Tax Considerations for Dental Practices as 2013 Tax Year Ends
Dental practices face significant tax issues each year which often leave them unprepared when the time for filing comes due in April. It is certainly wise to start preparing for that time in 2014 as the 2013 tax year comes to a close in December.
One complicated issue facing dental practices is what entity choice to make to save on taxes, as well as prevent liability from reaching personal assets in case of malpractice or business lawsuits not covered by insurance. The two issues are interrelated, and every practice situation is different, depending on how many owners there are, how the owners contribute to capital, how the owners are paid, how many employees there are and how they are paid, what kinds of retirement plans the owner and employees want, what liability issues the owners want to insulate themselves from, what real estate is involved, and many other factors. No one size fits all, and choices such as an S Corporation, an LLC, a C corporation, a partnership, an LLP, a P.C. and a sole proprietorship are some of the alternatives. You really need to sit down with your attorney and accountant as a team to coordinate a plan for what entity structure will be best for your practice now and in the years to come.
Equipment purchasing is another primary consideration for dental practices which enters into the tax planning process every year. The tax code allows you to take advantage of completely expensing equipment if purchases are made before the end of 2013, or the five year depreciation method may be the option when considering long-term planning, financing, and/or present cash flow factors.
Dental offices which cater to special needs patients with their office design investments can benefit from avoiding liability for injuries taking place because of lack of accessibility or non-compliance with federal, state or local regulations, attracting new patients who appreciate consideration of their special needs, and especially the tax credits available for up to 50% of expenditures up to $10,000 in certain circumstances.

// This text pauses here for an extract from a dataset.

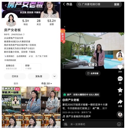 “在珠三角地區(qū),快手的直播賣房真的行得通嗎?賬號(hào)流量效果向好,后續(xù)真的會(huì)有可觀的生意轉(zhuǎn)化嗎?”2022年底,廣州房產(chǎn)主播“房產(chǎn)女老板”(快手ID:2948783368)盧文清在快手運(yùn)營了大半年,粉絲量就超過了2.3萬,即便心里藏著不少對(duì)快手房產(chǎn)生意轉(zhuǎn)化的疑慮,但盧文清依舊堅(jiān)持對(duì)快手運(yùn)營下功夫。

How you pay those who do work for your office enters into the tax picture on a daily basis because of the tempting possibility of paying those who do work for your practice as independent contractors to save on payroll taxes. The situation is very tricky when labeling part-time medical office employees as independent contractors, since depending on their education, the presence of direction of the practice concerning duties, and their ownership share of the business, the state or federal government is very harsh on those who try to save tax money by misclassifying practice workers. One caveat: don’t change the payment plan and start making different deductions for different types of workers from year to year, since that raises red flags which will prompt investigation. Thoroughly detailed agreements with independent contractors must make it clear that they are not employees and not under much direction and control of the dental practice.
Funding retirement plans always takes into account the tax implications, and the savings that can result in if done properly. Some plans had to be established by the end of October to qualify for 2013 tax treatment, while other plans can still be funded as late as the date your taxes are filed. Your accountant can help you both plan for the future and save you considerable tax money presently with the correct setup.